Problems doing shared memory test


I am trying to run the following code:

__global__ void

testKernel( float* g_idata, int data_size, unsigned int block_size) 


  // access thread id

  const unsigned int tid = (blockIdx.x * blockDim.x) + threadIdx.x;

  // access number of threads in this block

  //const unsigned int num_threads = blockDim.x;

  const unsigned int num_threads = block_size;

 int slices = data_size / num_threads;

  int js;

 __shared__ float shared_data[2048];

 for(int i = 0; i < 2048; i++){

   shared_data[i] = g_idata[i];



 for(int i = 0; i < slices; i++){

	js = (tid*slices) + i; 


	for(int j = 0; j < 200000; j++){

  //g_idata[js] = g_idata[js] + 2;

  //g_idata[js] = g_idata[js] - 1;

  shared_data[js] = shared_data[js] + 2;

  shared_data[js] = shared_data[js] - 1;




  for(int i = 0; i < 2048; i++){

   g_idata[i] = shared_data[i];



My previous code using g_idata worked fine but now with shared memory only about the last half gets set to the right numbers. What am I doing wrong?

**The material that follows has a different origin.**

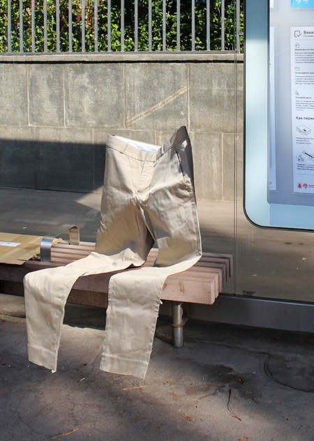 На мусорках возникают инсталляции из выкинутой одежды, которые доносят идею о том, что переработать так же просто как выкинуть. Одежда сама переползает из обычного бака в бак для переработки. Такая визуализация выражает идею о том, что владельцам ненужных вещей даже не надо шевелить пальцем, чтобы отнести вещи в пререработку: баки как на ладони, а вещи делают всю работу по транспортировке за своих неродивых хозяев.

I guess you’re using shared memory in a wrong way.
When you declare shared float shared_data[2048]; this means that those 2048 of floats will be shared among threads of a single block, not each thread getting its 2048 floats from shared memory pool.
So, when you copy data from global to shared memory all of your threads read the same data from global memory and write to same shared memory address.

Also it will be a good idea to insert __syncthreads() somewhere after you update shared memory, i.e. after the inner loop bacause without it you really may get incorrect results.